Erstes Kapitel
New Orleans, Louisiana
März 1840
Nach Mitternacht über den Friedhof nach Hause zu gehen, diese Prüfung hatte sich Caid Roe O’Neill selbst auferlegt. Er tat es nicht etwa, um sich an seine eigene Sterblichkeit zu erinnern, sondern im Gegenteil, um nicht allzu vertraut mit dem Tod zu werden.
Einen Mann, der wie er berufsmäßig den Degen schwang, war ständig von der Gefahr eines tödlichen Hiebes bedroht, mochte der nun ihn oder seinen Gegner treffen. Ein falscher Schlenker mit dem Handgelenk, ein sekundenlanges Zögern, wenn es galt, eine geschickte Finte zu parieren, und es war aus. Was dann noch käme, waren der zerbrochene Degen, die schwarzen Armbinden seiner Freunde, der düstere Zug zum Begräbnisplatz. Doch zuweilen, wenn die Dunkelheit wie ein zäher, widerlicher Dunst über New Orleans lag und entferntes Wagenrasseln und gelegentliches Hundegebell die einzigen Geräusche waren, erschien es O’Neill nur allzu leicht, ein solches Ende mit Gleichmut, ja sogar mit einer gewissen Dankbarkeit hinzunehmen.
Derart tiefschürfende Betrachtungen entsprangen nicht etwa einem melancholischen Gemüt, sondern waren natürlicher Ausdruck von Caids irisch-katholischer Herkunft, verbunden mit einer strengen Erziehung durch Priester und Nonnen, die die Meinung vertraten, dass man solch ein irisches Drecksgör mit den Schattenseiten des Lebens gar nicht vertraut genug machen konnte. Auf ihre Art hatten sie Recht gehabt.

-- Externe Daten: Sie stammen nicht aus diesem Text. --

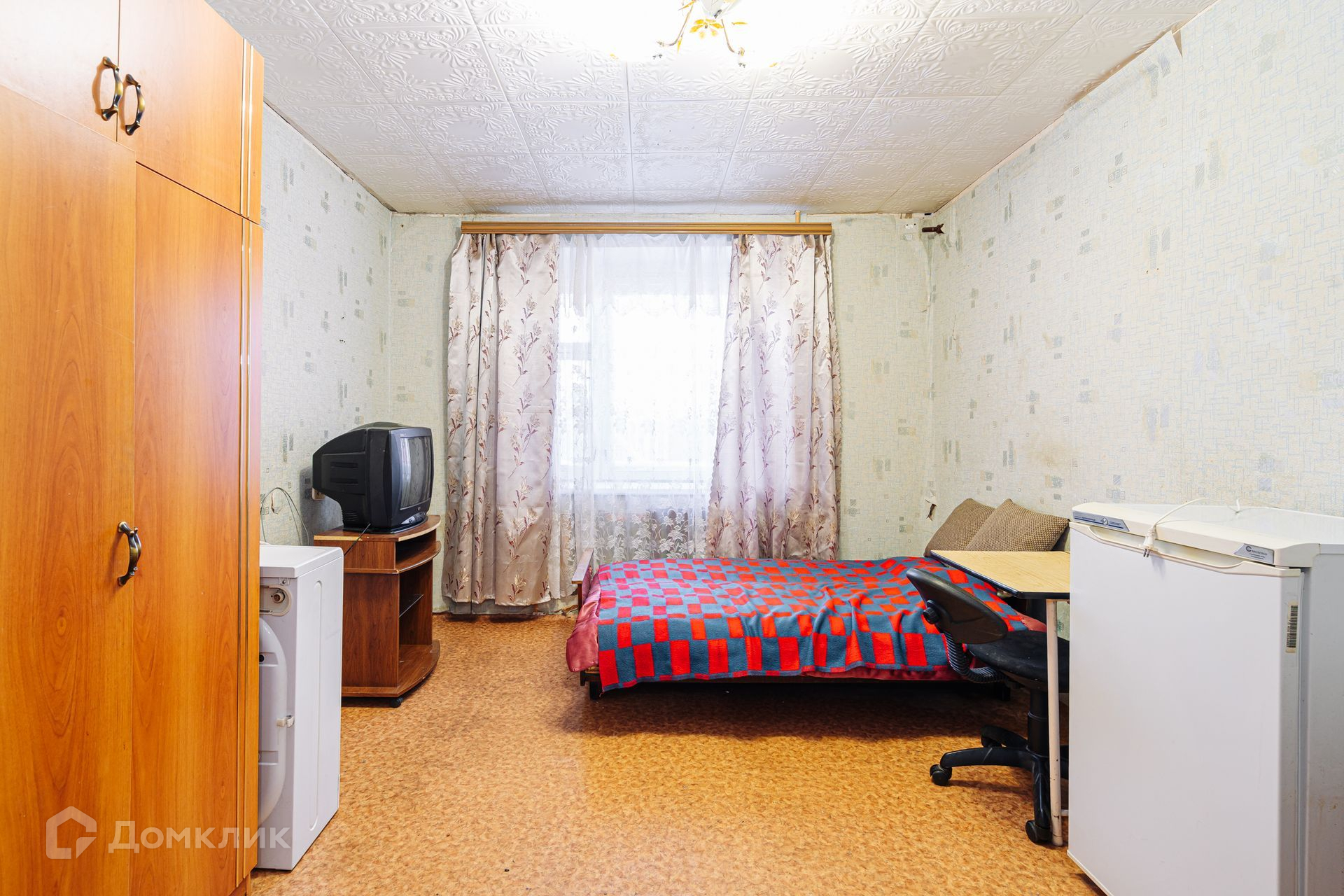 Идеально подойдет для проживания одному человеку или паре. В комнате есть вся необходимая мебель и техника для проживания.

An einem frühen Morgen vor genau einem Monat hatte Caid gespürt, wie sein Degen das Herz von Eugene Moisant durchbohrte und dieses Gefühl hatte weder Schuld noch Scham und auch nicht Triumph in ihm ausgelöst, sondern eine ganz und gar unselige Genugtuung, die Caid nicht noch einmal empfinden wollte.
Aufrecht schritt er dahin, seinen Stockdegen lose umfasst, und betrachtete die weißen Marmorgrüfte, die wie kleine Häuser aussahen, mit Giebeln und Kuppeln, die im Sternenlicht glänzten. Er war nicht erpicht auf Ärger, würde ihm aber auch nicht aus dem Weg gehen. Es war immer gefährlich nachts auf den Straßen, doch besonders hier in der so genannten Stadt der Toten. Wegen des hohen Grundwasserspiegels waren die Grabstätten oberirdisch errichtet worden und boten, ebenso wie die hohen Grabmäler und Marmorgrüfte, umherschleichenden Dieben und Mördern hervorragende Deckung.
Der Pfad aus zerstoßenen Austernschalen knirschte unter Caids Stiefeln und der Saum seines Umhangs bauschte sich beim Gehen und fegte den Staub vom dürren Gestrüpp am Wegrand. Caid roch die trockene, modrige Luft und ganz schwach den Kalk, mit dem die Umfassungsmauern getüncht waren. Die Nacht war kühl für Anfang März in diesen Breiten. Von Norden her war am Tag zuvor kältere Luft geströmt und hatte die gewohnte milde Wärme verdrängt, sodass Caids Atem nun kleine Wölkchen bildete.
Als er in dieser stillen Stadt, wo die schmalen, gewundenen Pfade mehr nach Bedarf als nach Plan angelegt worden waren, um eine Ecke bog, sah er die Grabstätte der Moisants vor sich liegen. Sie bestand aus grauem Marmor, erinnerte entfernt an ein großes Ruhebett und war von einem schmiedeeisernen Zaun eingefasst, verziert mit dem althergebrachten Friedhofssymbol der Trauerweide.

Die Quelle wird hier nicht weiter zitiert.